**Required work**
Set down exactly the lines from the one containing "Estação de game" through the end of the records below, both included, and nothing else.

++++ Stored data

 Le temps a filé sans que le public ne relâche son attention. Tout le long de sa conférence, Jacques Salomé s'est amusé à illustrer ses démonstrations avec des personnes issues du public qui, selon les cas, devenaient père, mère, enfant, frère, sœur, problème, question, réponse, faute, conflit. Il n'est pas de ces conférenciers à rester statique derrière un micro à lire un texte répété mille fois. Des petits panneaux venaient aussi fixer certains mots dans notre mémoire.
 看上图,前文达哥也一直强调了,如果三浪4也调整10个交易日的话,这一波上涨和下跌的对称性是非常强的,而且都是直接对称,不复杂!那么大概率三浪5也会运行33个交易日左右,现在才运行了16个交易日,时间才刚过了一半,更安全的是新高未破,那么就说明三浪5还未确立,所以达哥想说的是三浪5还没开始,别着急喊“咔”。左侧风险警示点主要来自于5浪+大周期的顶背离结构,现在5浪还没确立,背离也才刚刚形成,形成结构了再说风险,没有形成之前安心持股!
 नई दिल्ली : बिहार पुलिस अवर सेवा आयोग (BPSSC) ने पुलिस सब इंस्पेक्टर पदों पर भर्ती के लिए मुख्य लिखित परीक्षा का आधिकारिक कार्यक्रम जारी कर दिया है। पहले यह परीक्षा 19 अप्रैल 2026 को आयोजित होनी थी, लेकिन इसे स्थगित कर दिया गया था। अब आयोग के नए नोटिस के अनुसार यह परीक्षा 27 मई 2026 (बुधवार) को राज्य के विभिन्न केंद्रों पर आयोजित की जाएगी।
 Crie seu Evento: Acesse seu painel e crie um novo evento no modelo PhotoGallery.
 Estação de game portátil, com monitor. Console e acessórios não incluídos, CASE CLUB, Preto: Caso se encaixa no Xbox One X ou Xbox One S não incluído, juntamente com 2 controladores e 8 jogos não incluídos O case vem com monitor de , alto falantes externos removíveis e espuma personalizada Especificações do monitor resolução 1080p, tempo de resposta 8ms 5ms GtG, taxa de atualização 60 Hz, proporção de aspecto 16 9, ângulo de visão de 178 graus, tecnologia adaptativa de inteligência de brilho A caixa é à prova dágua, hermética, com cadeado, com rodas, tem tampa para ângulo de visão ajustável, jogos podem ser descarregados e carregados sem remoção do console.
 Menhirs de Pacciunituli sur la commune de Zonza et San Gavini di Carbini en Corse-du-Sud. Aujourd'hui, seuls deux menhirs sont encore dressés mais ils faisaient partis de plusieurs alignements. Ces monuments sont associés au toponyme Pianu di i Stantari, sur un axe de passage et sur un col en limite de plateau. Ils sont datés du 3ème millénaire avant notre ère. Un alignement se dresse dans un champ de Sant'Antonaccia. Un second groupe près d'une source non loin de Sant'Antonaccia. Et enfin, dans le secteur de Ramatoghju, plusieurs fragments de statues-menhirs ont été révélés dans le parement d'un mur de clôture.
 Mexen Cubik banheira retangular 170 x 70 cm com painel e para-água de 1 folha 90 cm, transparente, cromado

++++++++

**Expected answer**
 Estação de game portátil, com monitor. Console e acessórios não incluídos, CASE CLUB, Preto: Caso se encaixa no Xbox One X ou Xbox One S não incluído, juntamente com 2 controladores e 8 jogos não incluídos O case vem com monitor de , alto falantes externos removíveis e espuma personalizada Especificações do monitor resolução 1080p, tempo de resposta 8ms 5ms GtG, taxa de atualização 60 Hz, proporção de aspecto 16 9, ângulo de visão de 178 graus, tecnologia adaptativa de inteligência de brilho A caixa é à prova dágua, hermética, com cadeado, com rodas, tem tampa para ângulo de visão ajustável, jogos podem ser descarregados e carregados sem remoção do console.
 Menhirs de Pacciunituli sur la commune de Zonza et San Gavini di Carbini en Corse-du-Sud. Aujourd'hui, seuls deux menhirs sont encore dressés mais ils faisaient partis de plusieurs alignements. Ces monuments sont associés au toponyme Pianu di i Stantari, sur un axe de passage et sur un col en limite de plateau. Ils sont datés du 3ème millénaire avant notre ère. Un alignement se dresse dans un champ de Sant'Antonaccia. Un second groupe près d'une source non loin de Sant'Antonaccia. Et enfin, dans le secteur de Ramatoghju, plusieurs fragments de statues-menhirs ont été révélés dans le parement d'un mur de clôture.
 Mexen Cubik banheira retangular 170 x 70 cm com painel e para-água de 1 folha 90 cm, transparente, cromado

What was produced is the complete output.